Calling cuDSS functions from multiple CPU host threads

Hi, I’m using cuDSS and have had success in using it for a single CPU threaded application. Now, I want to use it in a multithreaded CPU application. Everything I have related to CUDA is stored in a single class. Each class has its own cudssHandle, cudaStream and relevant matrices. I thought this was the correct way to setup a multithreaded application, but I’m getting read access errors on cudssExecute() that don’t occur when I run everything in serial. Is this the correct way of setting things up for a multithreaded application? Interestingly, I also have cuSparse and cuBLAS operations in the same class, with each class also having its own cusparseHandle and cublasHandle, but the memory read access errors always occur on cudssExecute(), never on any cuSparse or cuBLAS operations. I know cuDSS is quite new, and I can’t find any information about its thread safety (whereas its explicitly stated in the docs that cuSparse and cuBLAS are thread-safe for this setup with one handle per thread)

Hi!

Do you have a code which we can use as a reproducer? My expectations were that cudss will behave similarly to cuBLAS and cuSPARSE in cases like yours when each thread has its own cudss objects. It might be that the failures are caused by the same reasons as in Recreating cuDSS matrix causes access violation reading location error if you call cudssExecute multiple times with the same phase.

Thanks,
Kirill

Hi Kirill,

Thanks for that. I’ve got cuDSS working with multiple host threads, but I’m only seeing a slight speedup. Using the visual profiler, I’m not seeing the concurrency I expected.

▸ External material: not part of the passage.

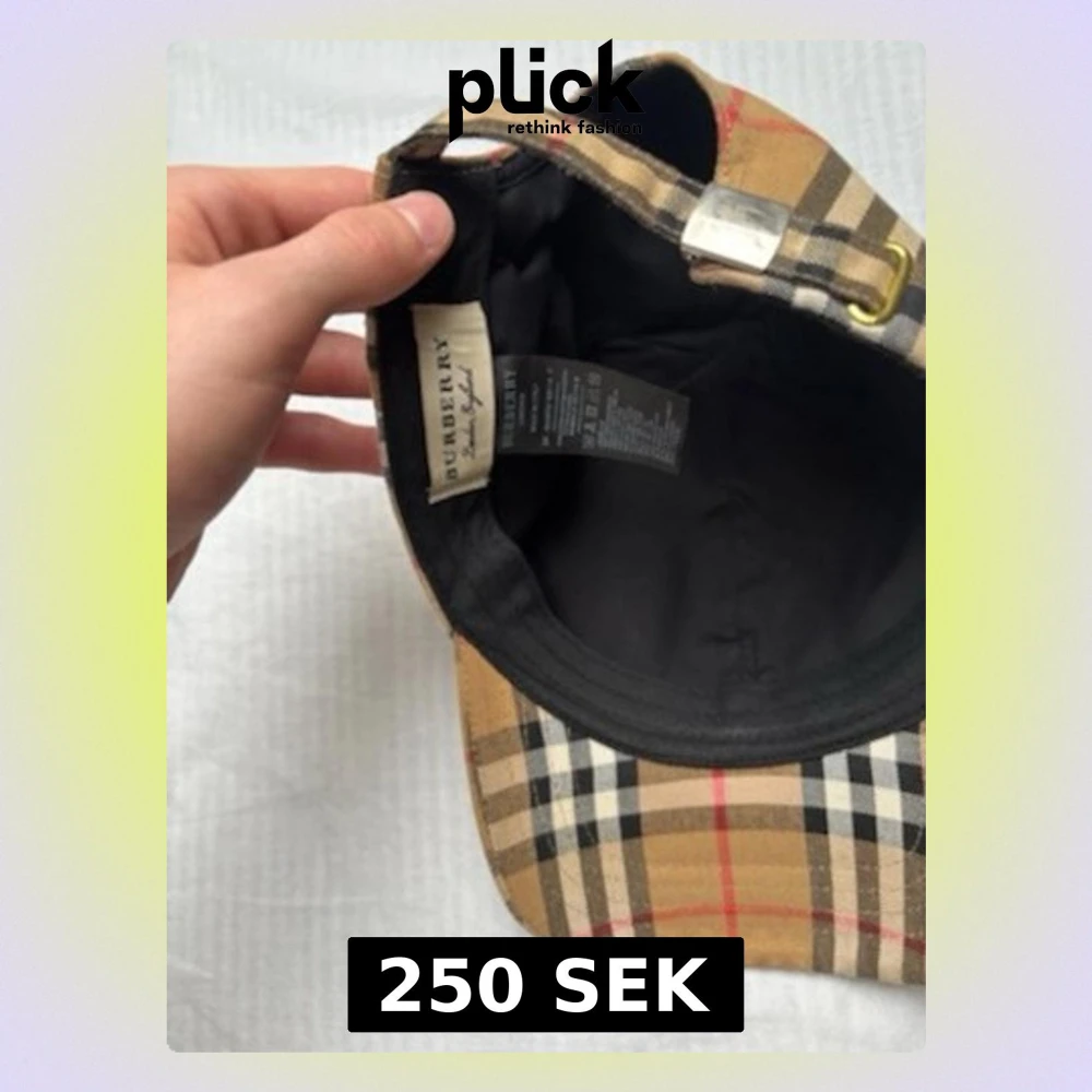 Säljer en klassisk keps från Burberry i det ikoniska beige rutmönstret med svarta, vita och röda detaljer. Kepsen har justerbart spänne i metall baktill och är fodrad med svart tyg på insidan. Perfekt accessoar för en trendig och tidlös look.

I thought multiple streams would allow the kernels to act concurrently but they seem to act pretty much sequentially. Each host thread has its own cuda stream and cudsshandle, which I set with cudssSetStream(). I’ve used paged host memory to allow for concurrent memory copy and kernel execution (although the vast majority of the memory copying in this case seems to be device to device called by cuDSS). Do you know if there’s any way to get the kernels to act concurrently? Or to at least improve the concurrency somewhat?

Thanks, Ben.

Hi Ben!
Not sure, what’s going on with the host threads but I’d double check the threading code and environment. I’ve done an experiment where user threads were set up like here:

and each thread run cudss with its own objects (I didn’t even use the paged host memory) and the profiler looked like this


where it is clear that solving step was done concurrently.
Also note, that as of cudss 0.2.0, reordering ~ analysis phase is done mostly on CPU so concurrent execution on GPU is mostly limited to factorization and solution phases.

Thanks, Kirill

Hi Kirill,

I’ve done some testing, and I think my setup was correct, but I wasn’t seeing kernel concurrency because the matrices I used were too large, so each kernel would “saturate” the GPU. Testing the same setup but with much smaller matrices, I’m able to see the concurrency I initially expected.

Thanks, Ben.

Hi Ben,

This is great news! Let us know if you see any issues with concurrency or asynchronous execution in the future.
As a note: we do plan to do improvements at some point which will make the execution more asynchronous. E.g., even right now, by default synchronous device memory allocation is used, but with the existing (in cudss 0.2.0) feature for the user-defined device memory allocators via cudssSetDeviceMemHandler() a user can use cudaMallocAsync.

Thanks, Kirill